CS111 Spring 2009
Modularity and virtualization
April 06, 2009
Julio Ceballos, Lorena Topete, Cody Prestwood
MODULARITY - Split the program into pieces
ABSTRACTION - use "nice" boundaries between pieces
L lines of code and M modules
Problems with out paranoid word-counter program
A. Performance issues
1. cache answer
2. so IO in parallel with computation
* will help a bit for out OS but can be better
B. Flexibility
-Most Important ( common needs in Software Engineering)
1. to much of a pain to change // ex: recompile and install
2. to much of a pain to reuse parts
-Least Important
3. to much of a pain to run several programs at the same time
4. to much of a pain to recover from crash
C. Complexity
1. Coping techniques
* Modularity - break programs into pieces
* Abstraction - use "nice" boundaries between pieces
2. Modularity-----> Find bugs Faster
-assume L lines of codes and B bugs
- assume B is proportional to L
- assume time to find bugs is proportional to L
-debug time: is proportional to B*L which is proportional to L
*Now assume M modules
-now Debug time is proportional to
B/M * L/M * M => (L*L)/M
* this is assuming bugs don't cross module boundaries, and modules are the same size,
and bugs are evenly distributed
* Obvious which Module owns the bug
* Modularity can greatly help you find the bugs in your code
* API = application programing interface
Ex: Modularity Example: Rewriting read_ide_sector
void read_ide_sector (int s, int a);
^ ide is only good fro reading ide Disks
void read_sector (int s, int a); *higher level of abstraction
void read_sector (int s, off_t s, int a);
^ ^ ^ address
^ ^ Sector number
^ Disk number
ssize_t read_bytes(int s, off_t o, char* a, size_t n);
^ ^ ^ ^ address
^ ^ ^ offset from Disk start, in bytes
^ ^ Disk number
^ signed, returns # of bytes read or - number for error
OFFICIAL UNIX
ssize_t read(int d, char* a, size_t n);
off_t lseek( int d, off_t o, int whence);
^ ^ ^
^ ^ ^ 0 from beginning; 1 from current; 2 from end
^ ^ signed
^ returns new seek location
in Unix:
ssize_t read(int d, char *a, size_t n)
-always read from last seek position
off_t lseek(int d, off_t o, int whence)
o - is positive or negative
off_t is signed int
whence: 0 from beginning
1 current position
2 from end
Unix design:
1. Advantage - can share lseek with read/write functions
2. Disadvantage - Takes more time if application does
random access
Abstraction of function
read_ide_sector(int s, int a)
s-sector
a-returned result
change to: read_sector(int d, int s, int a)
d-disk ID to support multiple disks
generalize interface: read_sector(int d, off_t s, char *a)
-provides 64-bit support for disks larger that 4Gig
s-offset into disk
a-pointer to receiving buffer
1. OS needs to maintain mapping between device and
sectors.
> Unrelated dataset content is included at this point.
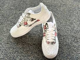 These custom Nike sneakers are one-of-a-kind. Hand painted by local artist Katie Hall, these size 8 women's shoes featuring Japanese-inspired art will have you walking in style and comfort.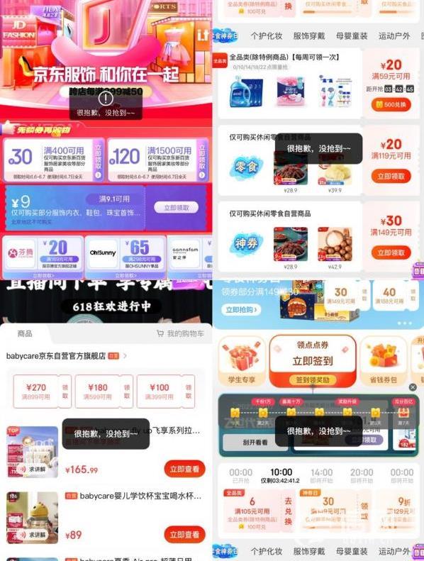 不限量優(yōu)惠券“領取失敗” “自從‘618’第一波活動開始,我就發(fā)現(xiàn)京東平臺所發(fā)出的不限量優(yōu)惠券根本無法領取,包括領券中心里的優(yōu)惠券以及plus會員專屬618優(yōu)惠券!毙煜壬硎,因為在“618”期間,商品的價格較以往相比會便宜許多,便打算在此期間囤一些生活用品以及購買一些衣服。

So device number and secotr number are
separate arguments
2. Assume secotr is 512 bytes and only one sector per
read
Positives and Negatives
+ many apps don't care about current seek location
+ share lseek with read and write
+ encourages sequential reads
- take more time if apps generally do Random Access
**How To enforce Modularity**
1. Do Nothing – use a single program, global variables, no functions
2. Function call modularity where functions are a black box
a. Put in BIOS and the program is called from the BIOS
b. Main is in RAM instead of BIOS
c. Stack has call – this approach has a problem
Partition of memory
-------------------------------------------------------------
| BootRecord | Main | |Stack| | BIOS |
-------------------------------------------------------------
Caller and Callee Contract
** Because the callee can potentially overwrite the caller's memory,
a contract exists between the caller and callee preventing this.
Example: recursive factorial function
int fact (int n)
{
If(n==0)
return 1;
else
return n* fact (n-1);
}
In x86 code:
fact:
pushl %ebp # push caller's frame Pointer
movl $1, %eax # move constant 1 into ax reg. ( this is preparing the register to return 1)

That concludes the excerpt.